Sending cycling refugees to war

Sending cycling refugees to war

Updated 01.15 | Published 00.52

They were used in Putin’s “hybrid attack”.

Now they are being tricked into war for real.

The choice is between Ukraine and deportation.

Busloads of refugees from Africa and the Middle East caused Finland to close its border crossings with Russia.

Putin is accused of using the refugees in a revenge operation to shake up Finnish society after joining NATO.

Hundreds of people who were tricked into thinking they could get to the West were then stuck on the Russian side.

full screen Migrants on the border between Finland and Russia. Photo: Jussi Nukari / AP

Caught and arrested

Astounding images showed Africans cycling the last stretch to the border in snow and ice, as they were not allowed to cross the crossing on foot.

They should have received the bikes from Russian authorities, Finland states.

When the border stations were closed, many of the refugees were arrested and detained because they lacked valid residence permits, writes the BBC.

In Karelia, one of three Russian regions bordering Finland, 236 people have been arrested for staying in the country without documents in the past three weeks.

They must be deported from Russia back to their home countries.

But now Putin is said to have found a new way to make use of the wave of refugees, writes the BBC.

fullscreenFinnish border guard at the border with Russia.

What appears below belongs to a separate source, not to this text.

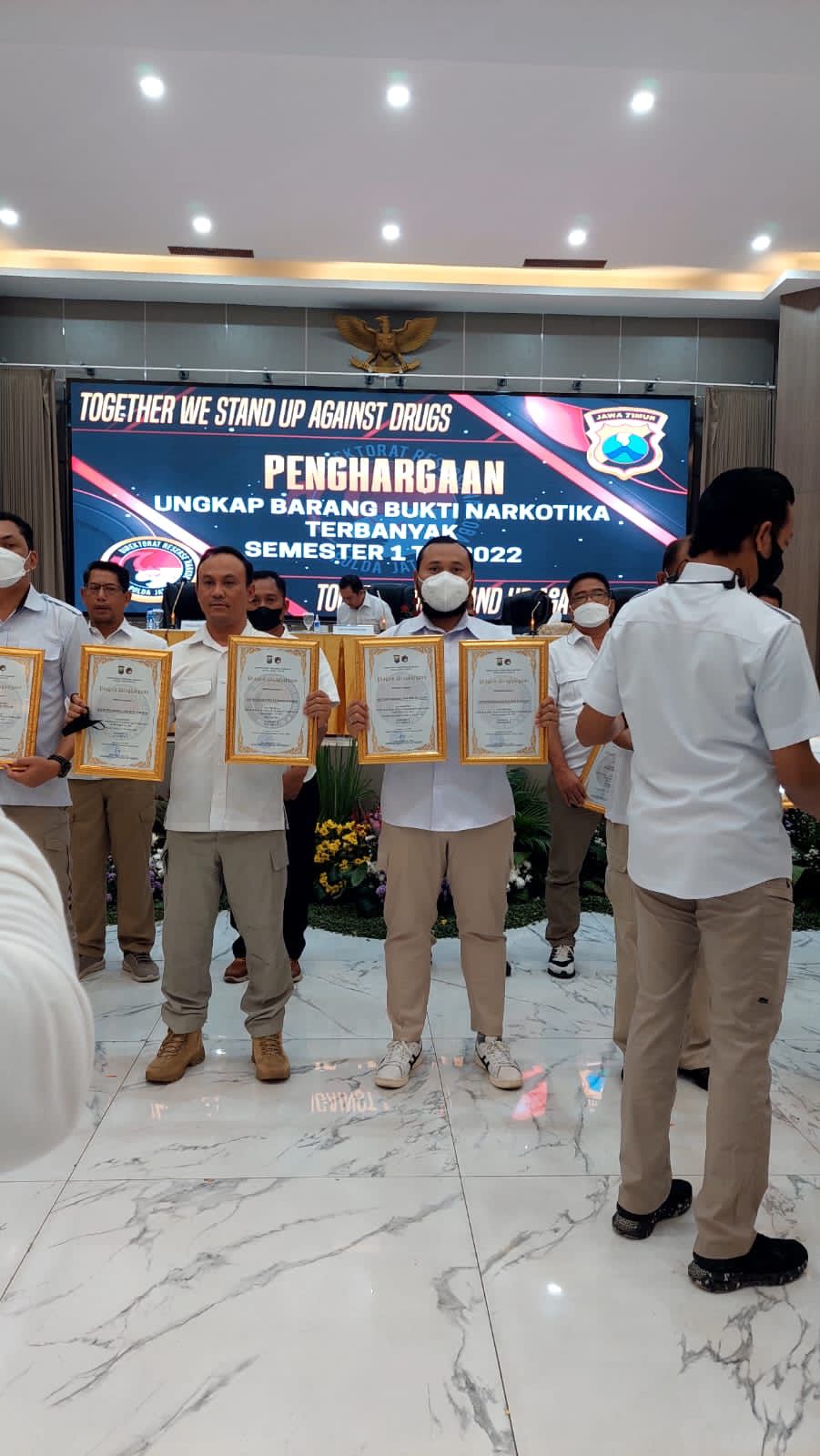 “Alhamdulillah, kerja keras tim kami dalam memberantas peredaran narkoba di Kabupaten Jember, terbayar dengan reward dari Ditreskoba Polda Jatim sebagai satuan yang paling banyak berhasil ungkap narkoba, semua ini berkat kerjasama tim yang solid,” ujar Kasatreskoba Polres Jember AKP. Sugeng Iryanto SH.

Photo: Emmi Korhonen/AP

Got an offer

According to the British television channel, a number of the refugees with deportation orders have been offered a way to stay in Russia.

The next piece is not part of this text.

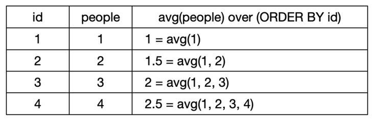 然而使用窗口函数的聚合却不会导致返回行数减少,那么这种聚合是怎么计算的呢?我们不如直接看下面的例子:

A Somali man in his 40s told the BBC that he and about a dozen held in a detention center in the Karelian capital, Petrozavodsk, were visited by representatives of the military and offered “a job for the state”.

They were promised a good salary, healthcare and the opportunity to stay in Russia if they signed a one-year contract with the army.

The 40-year-old, five more Somalis, five people from different Arab countries and a Cuban accepted the terms, were put on a bus and driven south.

He tells the BBC that it was only when the bus stopped at a muddy military tent camp on the border with Ukraine that it dawned on the men that they were about to be sent to war.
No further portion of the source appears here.